- Born: Arthur Dea Elrod, Jr. August 8, 1924 Anderson, South Carolina, U.S.
- Died: February 18, 1974 (aged 49) Palm Springs, California, U.S.
- Education: Clemson University; Chouinard Art Institute;
- Occupation: Interior designer

= Arthur Elrod =

American interior designer (1924–1974)

Arthur Dea Elrod, Jr. (August 8, 1924 – February 18, 1974) was an American interior designer, perhaps best known for the Elrod House his home in Palm Springs, California, which he designed in collaboration with architect John Lautner in 1968.

==Early life==
Elrod was born in Anderson, South Carolina, grew up on a farm, and studied design at South Carolina's Clemson University, before attending the Chouinard Art Institute in Los Angeles.

==Career==
In 1954, Elrod and Harold "Hal" Broderick started Arthur Elrod and Associates, an interior design firm on Palm Canyon Drive in Palm Springs, and went on to hire William C. Raiser, Steve Chase, and others.
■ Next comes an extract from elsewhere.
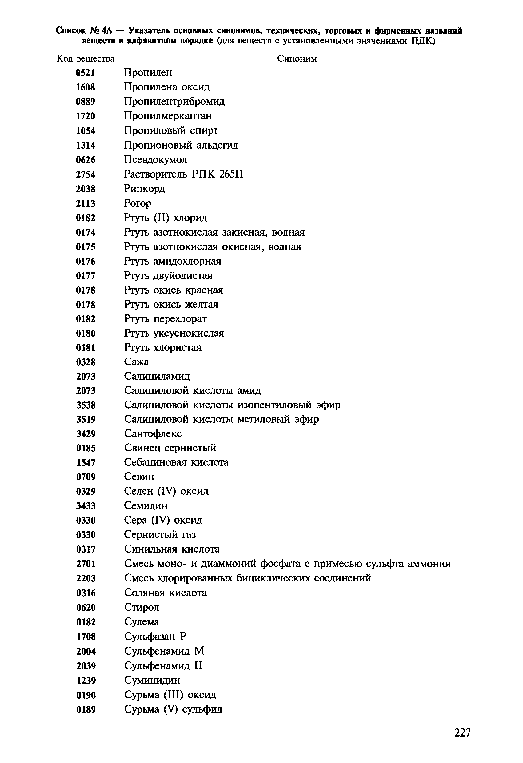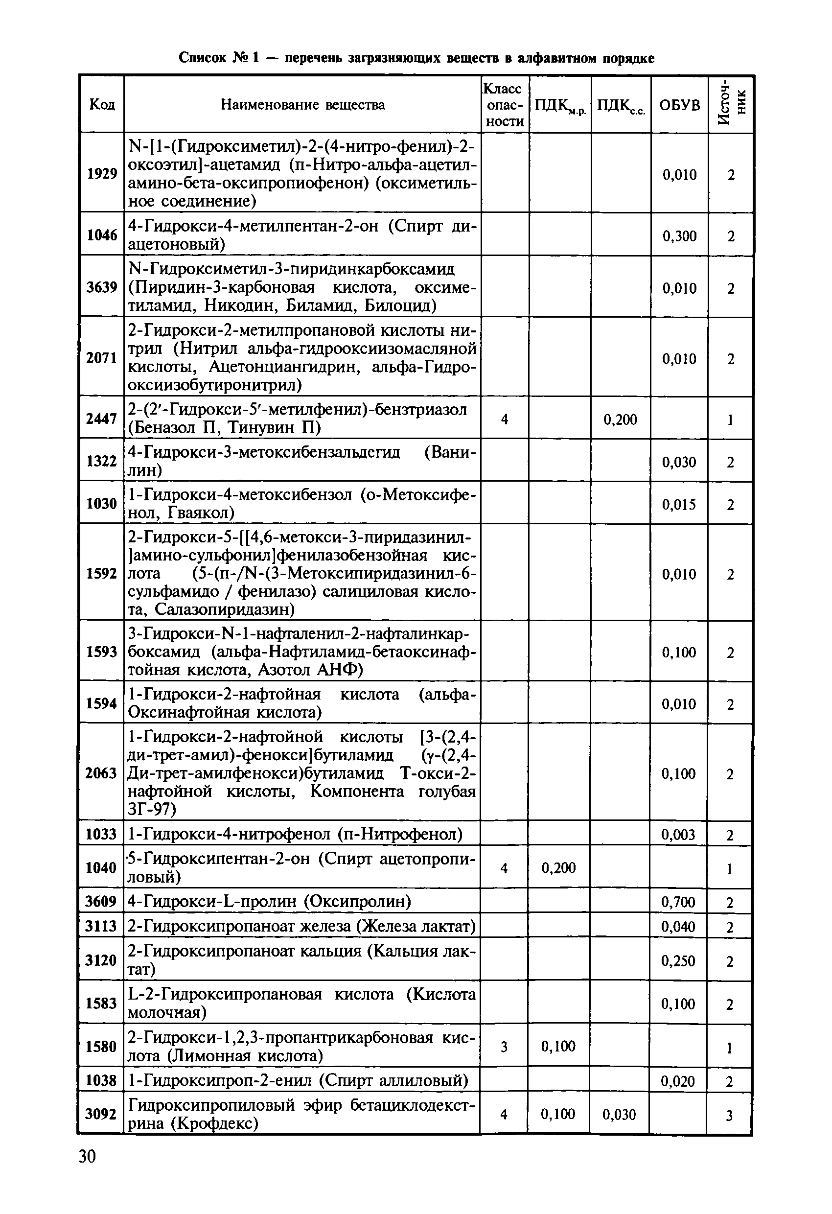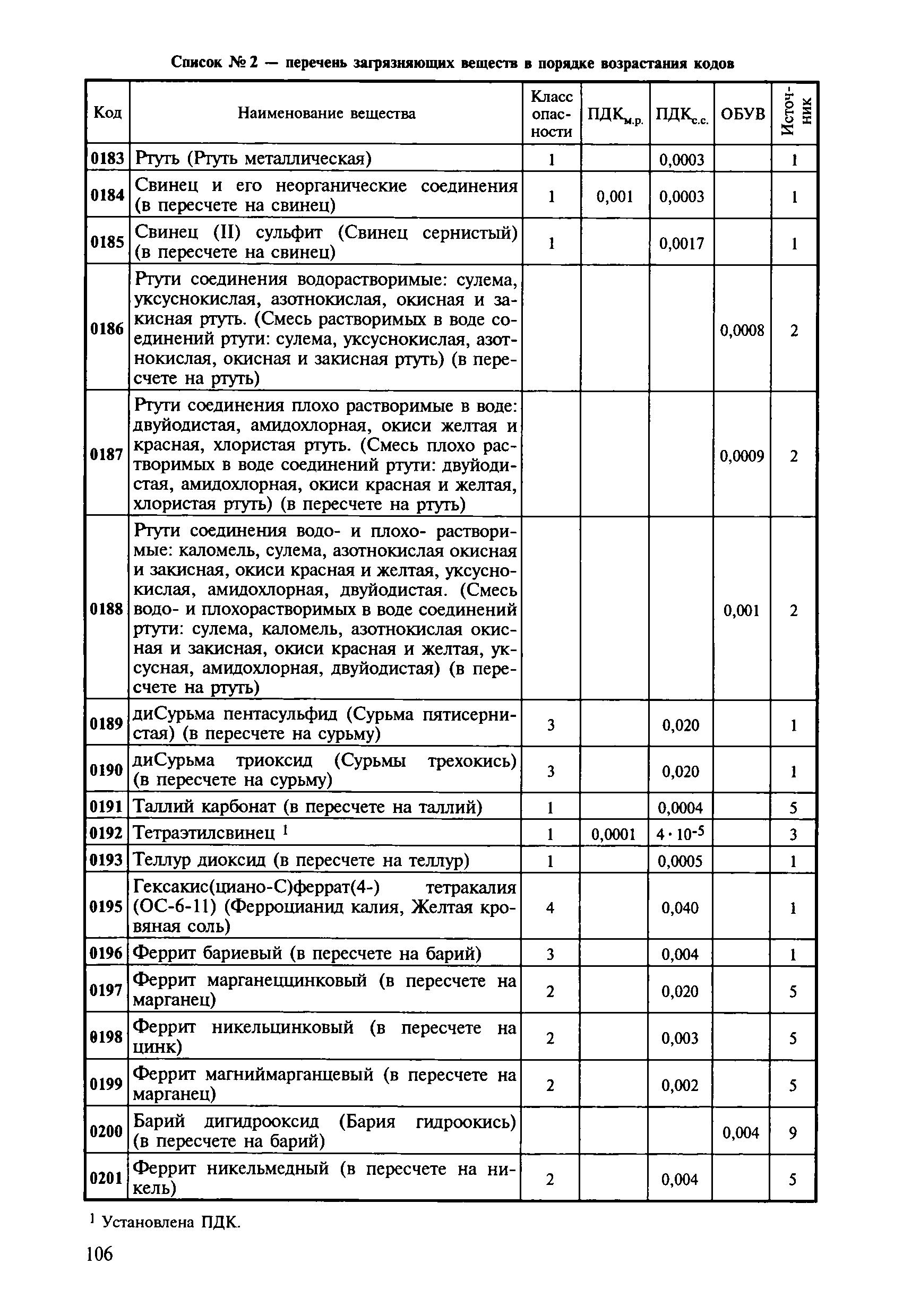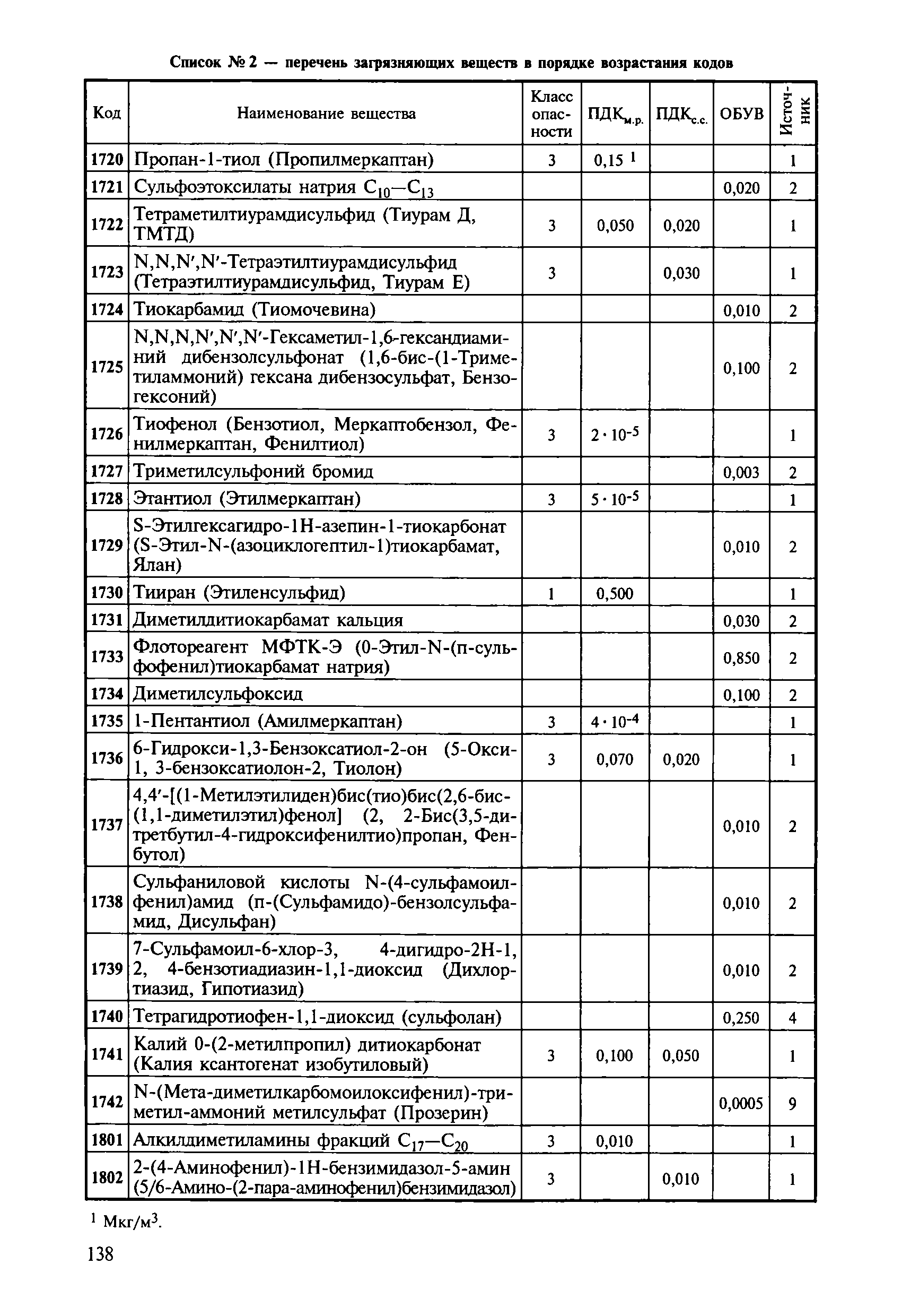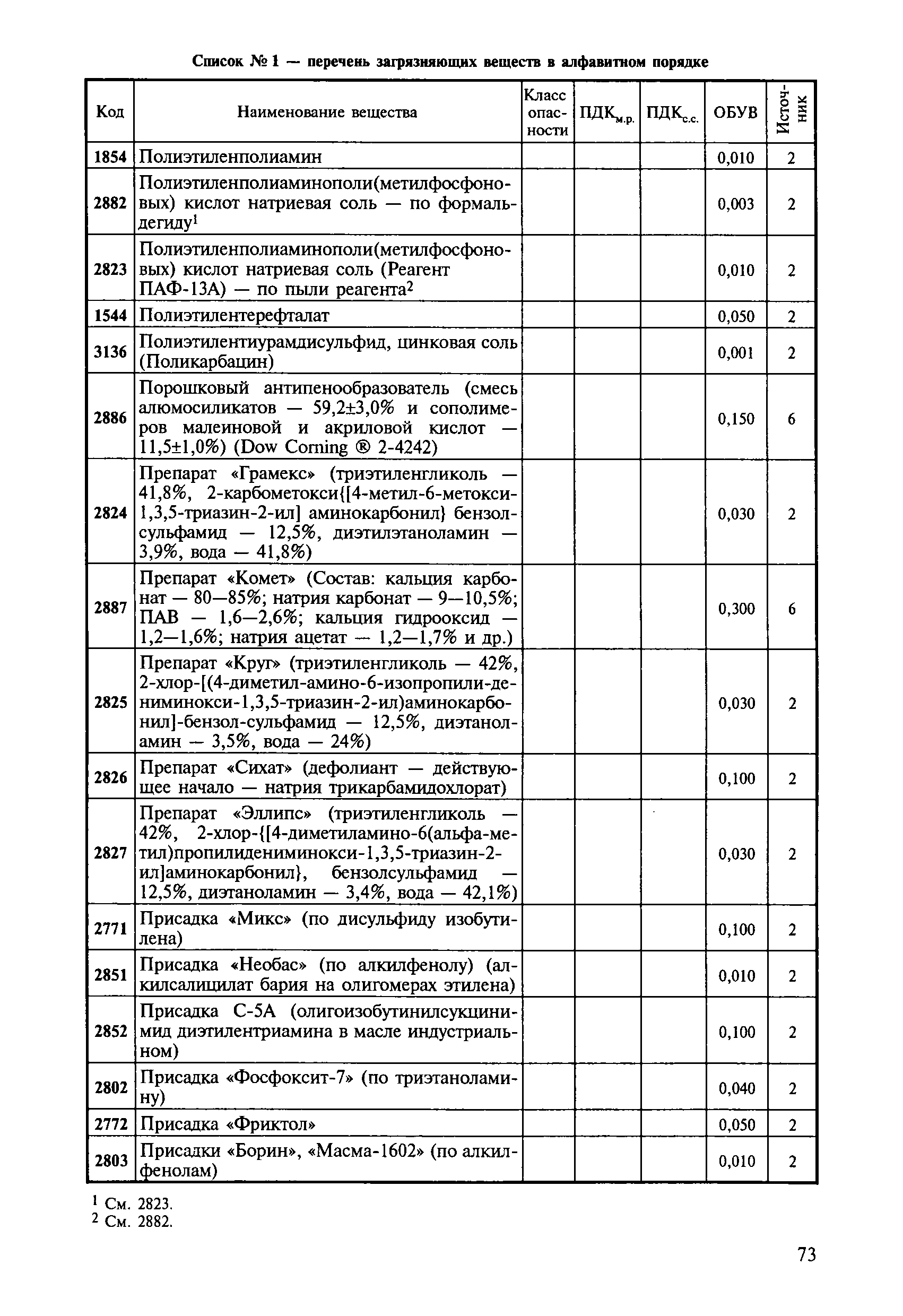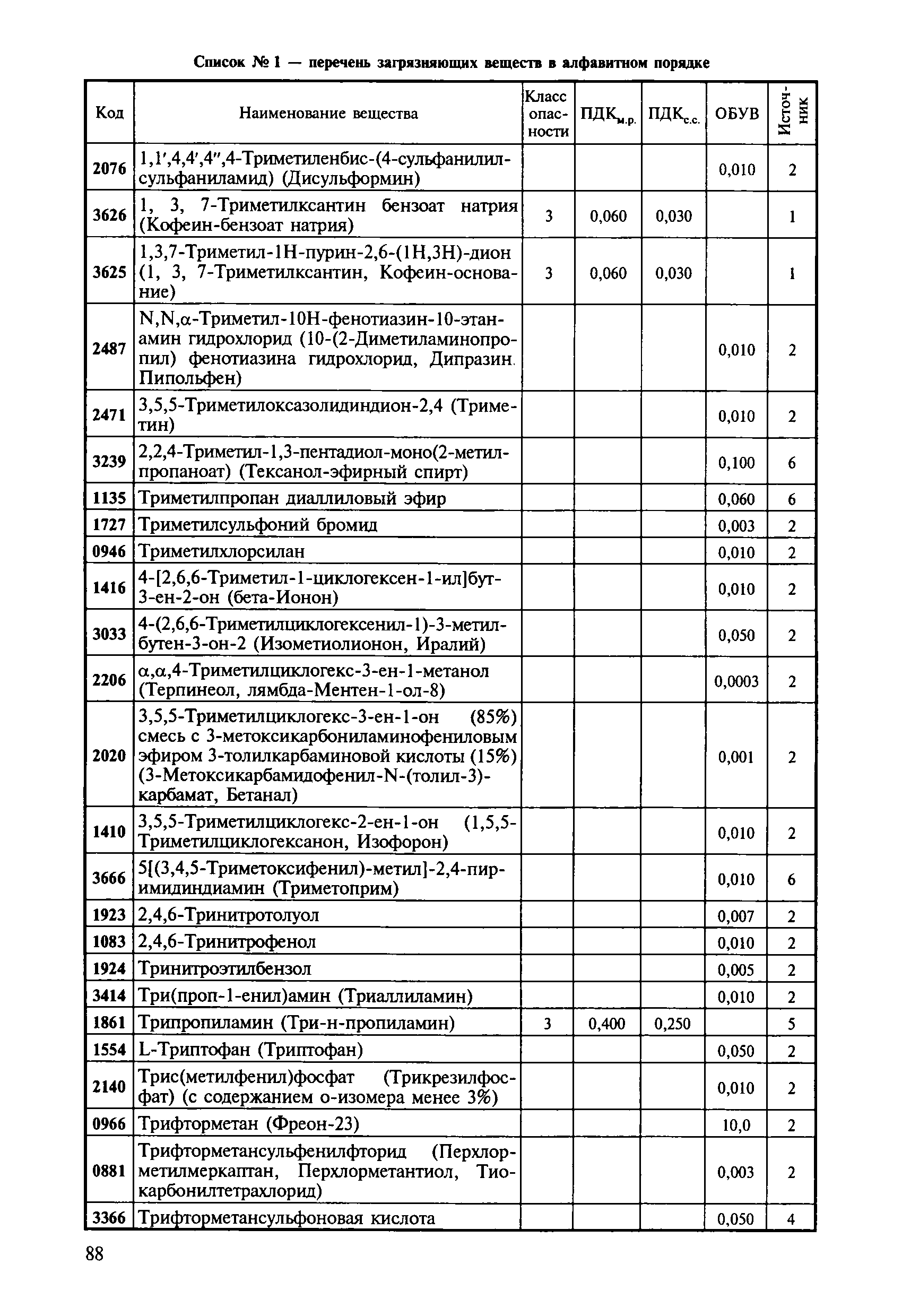 | Оглавление: | Список № 1 Перечень загрязняющих веществ в алфавитном порядке Список № 2 Перечень загрязняющих веществ в порядке возрастания кодов Список № 3 Перечень ЛОС в порядке возрастания кодов Список № 4 Указатель основных синонимов, технических, торговых и фирменных названий веществ в алфавитном порядке А. Для веществ с установленными значениями ПДК Б. Для веществ с установленными значениями ОБУВ Список № 5 Указатель основных синонимов, технических, торговых и фирменных названий веществ в порядке возрастания кодов А. Для веществ с установленными значениями ПДК Б. Для веществ с установленными значениями ОБУВ |

According to the Palm Springs Bureau of Tourism, Elrod's innovative midcentury modern style "became a hallmark of the Palm Springs aesthetic" and helped solidify the city's reputation as a center of modernist design.

In 1968, Elrod designed his Palm Springs home, now known as Elrod House, built by architect John Lautner.

==Personal life==
Elrod was openly gay.

The parties he held at the Elrod House were "legendary", Bill Blass held a fashion show, Playboy did a November 1971 feature, Pleasure on the Rocks, and the house was used as Willard Whyte's mansion in the 1971 James Bond film, Diamonds Are Forever. The house has been described as the "ultimate bachelor pad", and it has been noted that increasing numbers of the "pads" in Playboy in the 1970s belonged to out gay men like Elrod.

Elrod was a close friend of Bob Hope and his wife Dolores.

Elrod and his associate, William Raiser, died in a traffic accident on February 18, 1974, when their Fiat sportscar was hit by a drunk teenage driver. Elrod was 49 years old.